**Input**
════
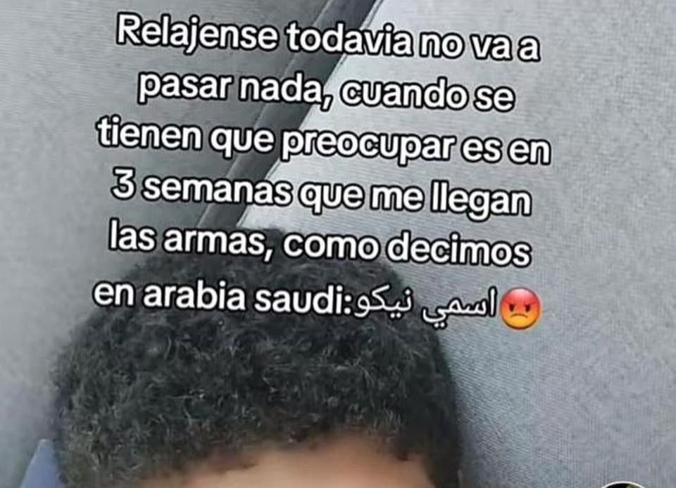 “Relájense, todavía no va a pasar nada, cuando se tienen que preocupar es en 3 semanas que me llegan las armas”, escribió en una publicación acompañado de un texto en árabe.
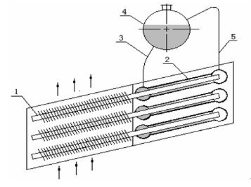 1、 熱管 2、套管 3、下降管 4、汽包 5、上升管
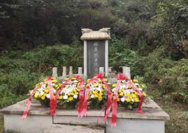 杨展烈士墓建于河北省石家庄市平山县宅北乡主投沟村的大山深处。14日上午,各单位代表徒步上山,瞻仰杨展烈士墓碑,我院程方平教授代表黃色倉庫向烈士献花篮。
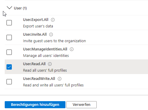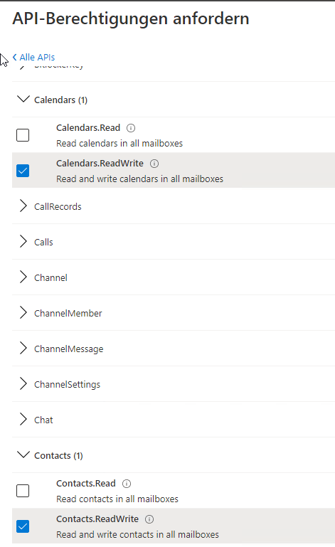 Für die M365-Synchronisation werden im Einzelnen die Berechtigungen «Calendars.ReadWrite», «Contacts.ReadWrite» u. «User.Read» benötigt. Wählen Sie bitte diese drei Berechtigungen aus und bestätigen Sie Ihre Auswahl mit dem Button «Berechtigungen hinzufügen»
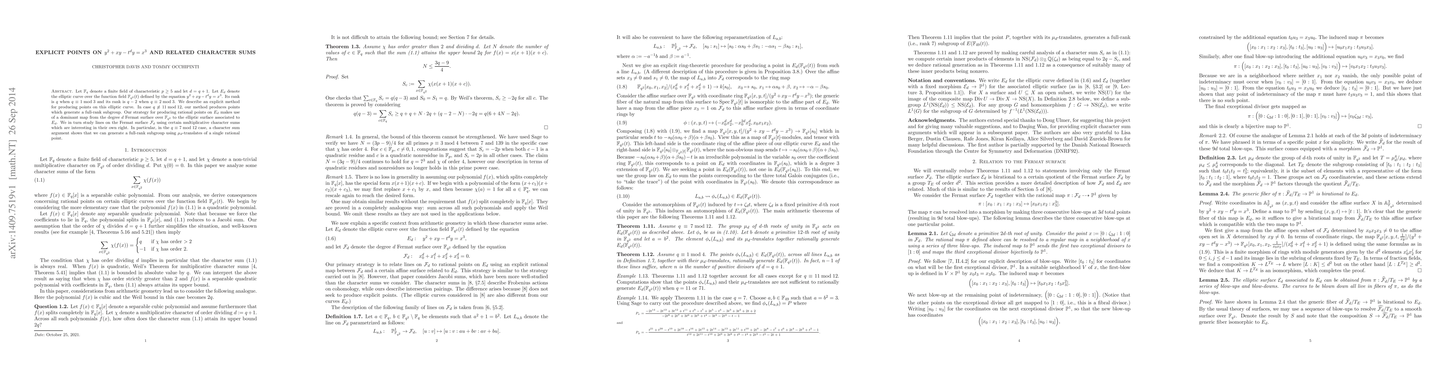 Let $\mathbb{F}_q$ denote a finite field of characteristic $p \geq 5$ and let $d = q+1$. Let $E_d$ denote the elliptic curve over the function field $\mathbb{F}_{q^2}(t)$ defined by the equation $y^2 + xy - t^d y = x^3$. Its rank is $q$ when $q \equiv 1 \bmod 3$ and its rank is $q-2$ when $q \equiv 2 \bmod 3$. We describe an explicit method for producing points on this elliptic curve. In case $q \not\equiv 11 \bmod 12$, our method produces points which generate a full-rank subgroup. Our strategy for producing rational points on $E_d$ makes use of a dominant map from the degree $d$ Fermat surface over $\mathbb{F}_{q^2}$ to the elliptic surface associated to $E_d$. We in turn study lines on the Fermat surface $\mathcal{F}_d$ using certain multiplicative character sums which are interesting in their own right. In particular, in the $q \equiv 7 \bmod 12$ case, a character sum argument shows that we can generate a full-rank subgroup using $\mu_d$-translates of a single rational point.
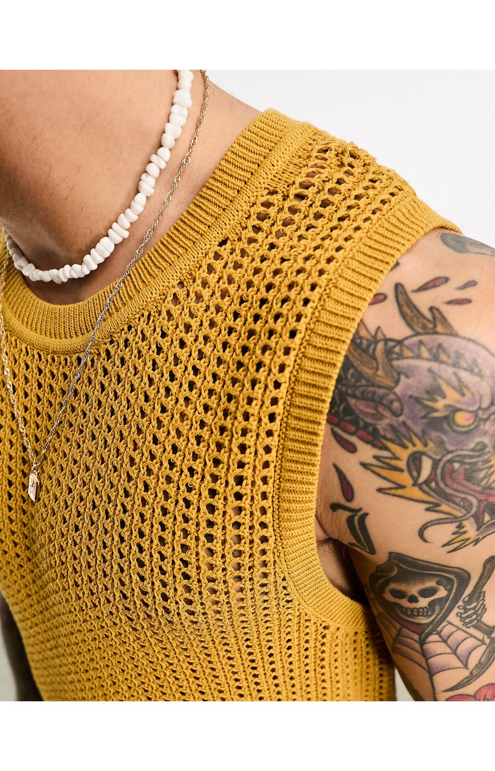 Asos Knitted Mesh Vest In Metallic For Men Lyst Uk
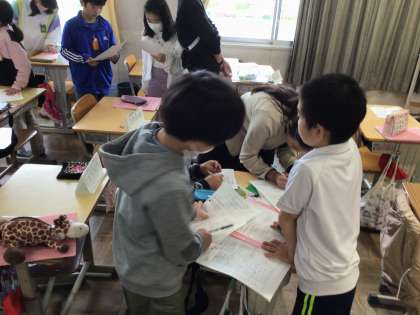 5年生は、外国語の授業で自分や友達のイニシャルについて学びました。「What are your initials ?」といった文章を用いて、友達のイニシャルを聞きました。英語の文章を話したり聞いたりすることを通して、イニシャルとは何かを知り、イニシャルの活用方法を学びました。「家でお母さんにも英語で聞いてみたい」「イニシャルっておもしろいね」などの感想が聞かれました。ぜひ、ご家庭でも話題にしてみてください。
════
**Work instruction**
Given the entries above, transcribe exactly the lines from the one holding "1、 熱管 2、套管 3、下降管 4、汽包 5、上升管" through the one holding "Für die M365-Synchronisation"; pictures do not belong in the transcription.

**Answer below**
 1、 熱管 2、套管 3、下降管 4、汽包 5、上升管
 杨展烈士墓建于河北省石家庄市平山县宅北乡主投沟村的大山深处。14日上午,各单位代表徒步上山,瞻仰杨展烈士墓碑,我院程方平教授代表黃色倉庫向烈士献花篮。
 Für die M365-Synchronisation werden im Einzelnen die Berechtigungen «Calendars.ReadWrite», «Contacts.ReadWrite» u. «User.Read» benötigt. Wählen Sie bitte diese drei Berechtigungen aus und bestätigen Sie Ihre Auswahl mit dem Button «Berechtigungen hinzufügen»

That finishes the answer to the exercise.